To look for unique jobs, I create another variable that combines the title and location. Looking at Table 1, this another variable takes the value of Research Associate, Library Prep_Stealth Mode Startup. Using this variable as a filter, I remove duplicated listings. After the filter, the number of unique job listings decreases to 622 listings — a reduction of approximately 51%. Upon first inspection, this amount of reduction seems high. To get myself comfortable, I filtered using job title, job description and job summary. Such filters also yield similar reduction.
To summarize, I work with 622 listings for most of the analysis.
What are the most popular jobs?
Figure 1: This plot shows the most frequent bi-words in the job title
Figure 1 shows that the being a research associte is the most common title that an undergraduate can get. In fact, 19% of all jobs are research associate positions.
Two other observations are in order:
From the presence of the word scientist, most of the jobs are technical.
Sales jobs are less than what I had expected.
Note that in Figure 1, I report the top 10 jobs.
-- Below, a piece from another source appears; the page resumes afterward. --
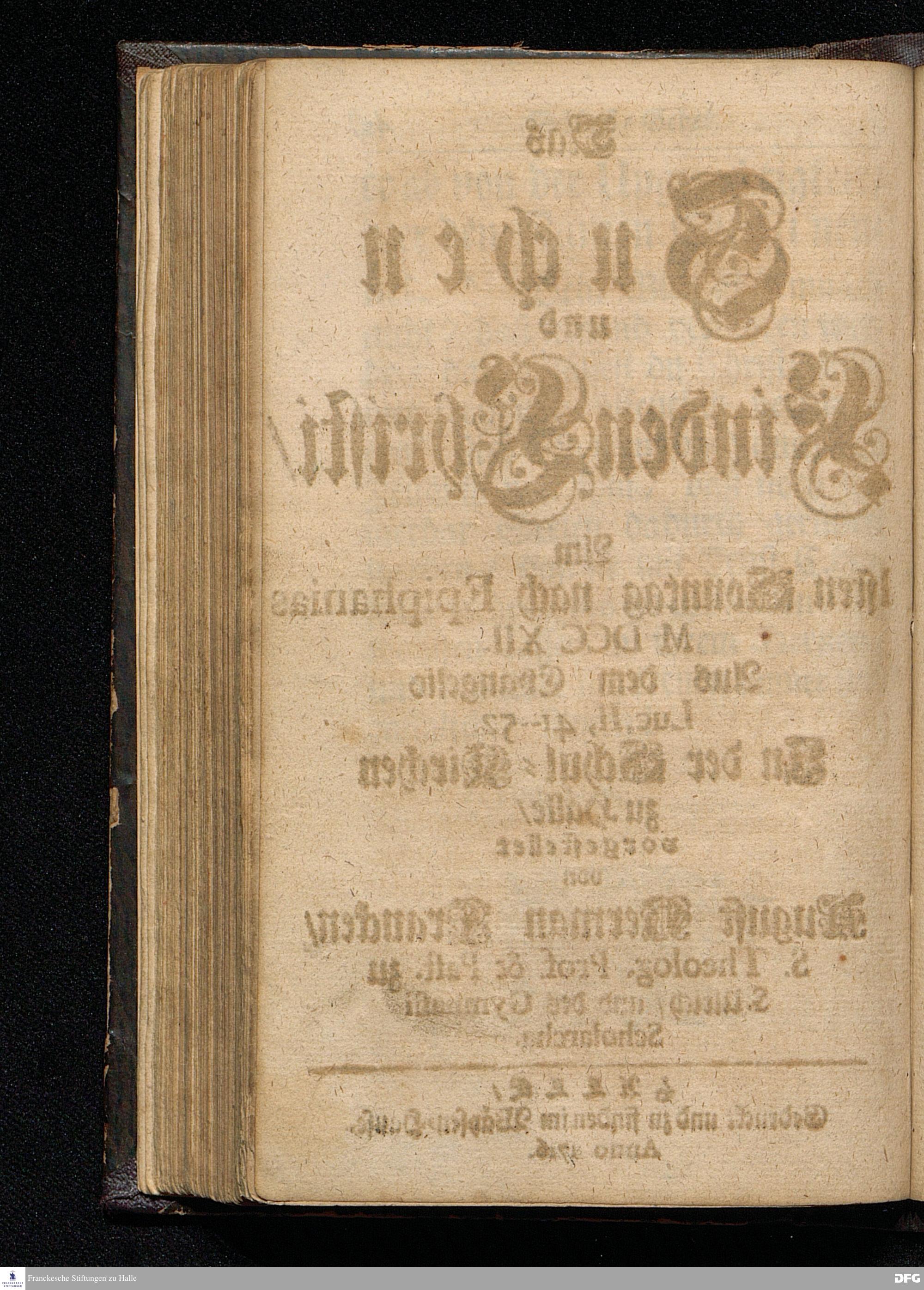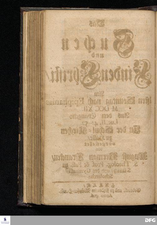 Das Suchen und Finden Christi / Am 1sten Sonntag nach Epiphanias MDCCXII. Aus dem Evangelio Luc.II, 41-52. In der Schul=Kirchen zu Halle / vorgestellet von August Herman[n] Francken / S.Theolog.Prof.& Past.zu S.Ulrich / und des Gymnasii Scholarcha. HALLE / Gedruckt und zu finden im Wäysen=Hause. Anno 1716.

Starting from the fourth most popular job — research fellow — all other jobs occur less than 25 times. That is, I cannot sense a pattern among the job titles.
Figure 2: This plot shows the relationship between the bivariate words
Figure 2 shows the relationship between the bi-variate words. Starting from the right, the words R&D and laboratory scientist are the most related. Similarly cell culture, associate cell and cell biology are the most related. This implies that the words appear together in the job title. Now, looking at the left, the word research associate is the most disparate from others even though it is the most frequent. In the same spirit, the words associate scientist is more related to research scientist than research associte.
Figure 2’s relationship graph implies that the job functions of a research associate may be different than all other job titles. Figure 2 also says that a laboratory scientist is probably involved wih R&D at the company.
Where are the jobs located?
Based on information in Figure 2, I classify the jobs into three types. The first type is the research associate — this job listing is the most frequent. The second type is the amalgamation of the other three types based on the cluster diagram. This type includes jobs with titles “research scientist”, “associate scientist” and “research fellow”. The third type is other which encompasses all other jobs.
Figure 3 plots the number of jobs for a few states that advertise ten or more jobs. For example. Of all the unique jobs listed, Texas has twelve jobs. The Figure also classifies the number of jobs by the three job types. Two observations are in order:
The green bar representing the research associate type are only prevalent in California and Massachusetts. In fact, of the 118 research associate jobs, 65 were in California and 27 are in Massachusetts — both states combine to host 78% of the jobs.
The second job type that I label scientist or fellow — consisting of words “research scientist”, “associate scientist” and “research fellow” — are also only prevalent in California and Massachusetts — both states host 29 jobs out of the 60 total jobs. Note that NewYork hosts six job but Figure 3 excludes it because the number of jobs is less than ten.
The north east region consisting of Maryland, Pennyslavania, New York and New Jersey also seem to host “Other” type of jobs.